我组对具有孔内/上孔结构的分级设计的纳米通道系统进行了总结。

生物离子通道具有结构、组成和电荷分布不对称的特点，具有优越的可控离子传输特性，如离子选择性、离子门控和离子整流。生命通过这些通道执行各种活动，包括信号转导、细胞运动、质能传递。受此启发，研究人员从未停止过对可以实现类似功能的人工离子通道的研究。尽管在许多领域进行了成功的探索，但目前均质纳米通道尚未提供与天然纳米通道相比的足够回报。然而，值得庆幸的是，分级设计的异质纳米通道由于其优异的离子选择性、渗透性和整流特性而逐渐走上舞台，因此在选择性离子输运、能量转换、生物分子分离和检测等领域一直闪耀着光辉，我们简要回顾了在孔内孔和孔上孔结构方面的分级设计的纳米通道系统最新进展，重点介绍了其有前景的应用，包括离子选择性传输、渗透能转换、分离和生物传感。最后，还讨论了当前的挑战和可能的解决方案，以推进分级纳米通道系统的设计和应用。

Hierarchically engineered nanochannel systems with pore-in/on-pore structures

Minmin Li, Yuchen Cao, Yuting Xiong*, and Guangyan Qing*

NPG Asia Materials  2022, 15, 16

DOI: 10.1038/s41427-022-00451-y

Biological ion channels featuring asymmetries in structure, composition, and charge distribution have superior controllable ion transport properties, such as ion selectivity, ion gating, and ion rectification, by which life executes diverse activities including signal transduction, cell motility, mass and energy transfer. Inspired by this, researchers have never stopped pursuing artificial ion channels that can achieve comparable functions. Despite successful explorations in many fields, current homogeneous nanochannels, however, have not yet offered sufficient rewards comparable to those of their natural counterparts.

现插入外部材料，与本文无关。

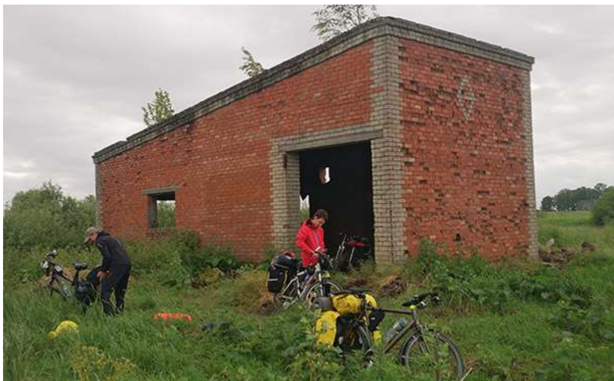
Утренние сборы после ночевки в Лунино
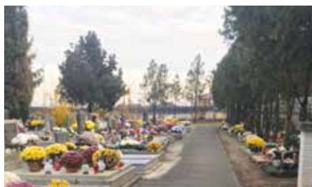
Nové chodníky na novom cintoríne

Yet the great thing is that the hierarchically engineered heterogeneous nanochannels have gradually come onto the stage because of their excellent ion selectivity, permeability, and rectification properties, and thus have been shining brilliantly in fields like selective ion transport, energy conversion, biomolecular separation, and detection, etc. In this article, we briefly review the recent advances of hierarchically engineered nanochannel systems in terms of pore-on-pore and pore-in-pore structures, with the emphasis on the promising applications, including ion selective transport, osmotic energy harvesting, separation and biosensing. Finally, current challenges and conceivable solutions are also discussed to advance the design and applications of hierarchical nanochannel systems.